According to the study, over 414,850 people migrated from Northeast India to other mega
cities of India during 2005 and 2010. It is 12 times growth from 34,000 populations in 2005
in the last six years. The annual average increasing number of migration is 13.62%, which is
about 50,000. By now, about 500,000 people have migrated, and this will increase up to 50
lakhs migrants in next five years.
Delhi is one of the most preferred destinies for the North East migrants. It has over 200,000
North East migrants, which is 48.21%. Only 5% of migrants return to North East India after
completing their studies.
The 66.35% of the North East migrants migrate for higher studies, out of which, 78.15% for
graduate studies, 11.48% for Engineering/managerial, 6.80% for Research/Ph. D. and 3.57%
for medical studies while 35% of migrants migrate for employment opportunities in other
cities of India with 15% for Government jobs and 85% for un-organized private sectors.
There are numbers of push factors for the North East Indians to migrate to Delhi, Bengaluru,
Chennai, Mumbai, Kolkata and other cities. Identification of these push factors is important
as it reveals the real life situation of the region that existed for years without any specific plan
to address the problem. The push factors include the following.
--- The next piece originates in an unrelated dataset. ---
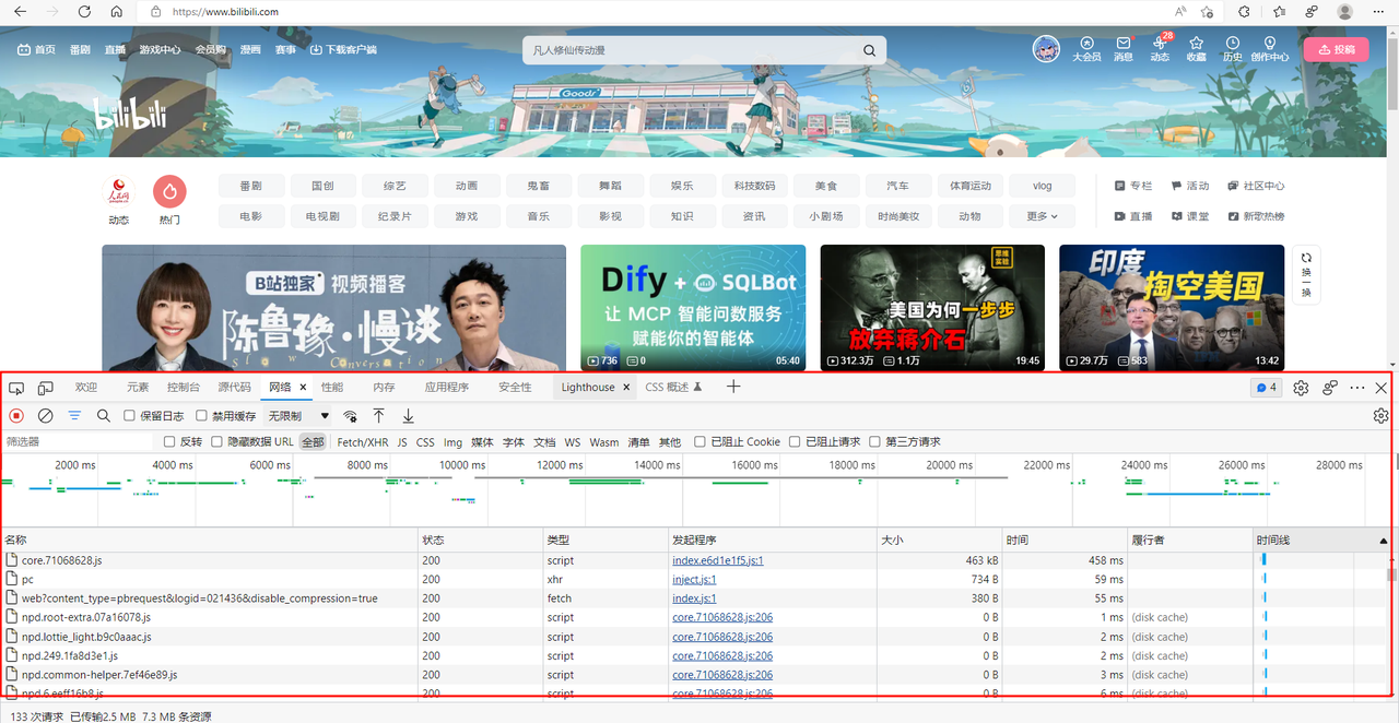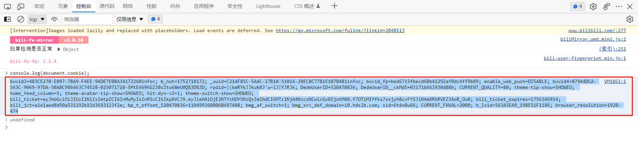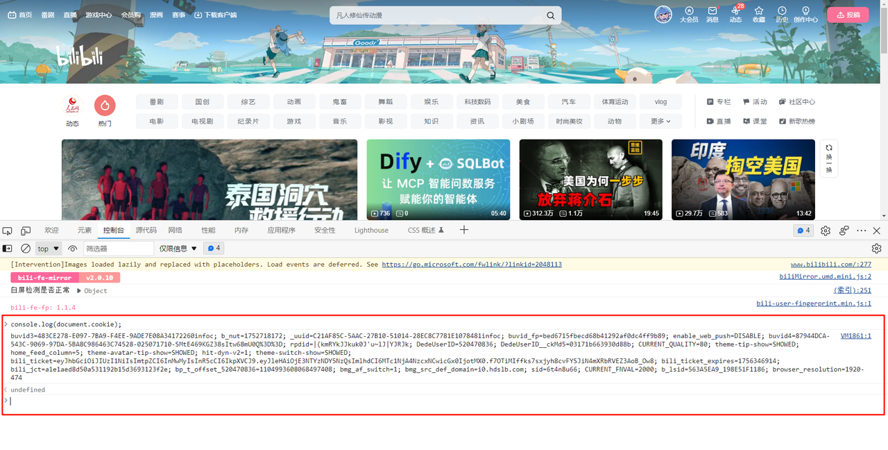 授权需要先进行Cookie获取,在你的浏览器中登录您的 Bilibili 账号,打开浏览器的开发者工具(按下 F12 键)就会出现下面界面,可能在下边或者右边

PUSH FACTORS FOR MIGRATION
Lack of Educational Infrastructure the Main Push Factor
The lack of the educational infrastructure with limited choice of studies available in the North
East India, is a major push factor for migration to other cities and overseas. The study finds
that the lack of educational infrastructure with limited choice of education is the main push
factor to the migration from the region. The educational system is badly affected. This should
be a top concern for the entire region. Almost all government-run schools have failed and the
high school and higher secondary education survived because of the private schools. The
most affected state is Manipur where there are about 100 days without classes in a year as
schools are closed due to public strikes.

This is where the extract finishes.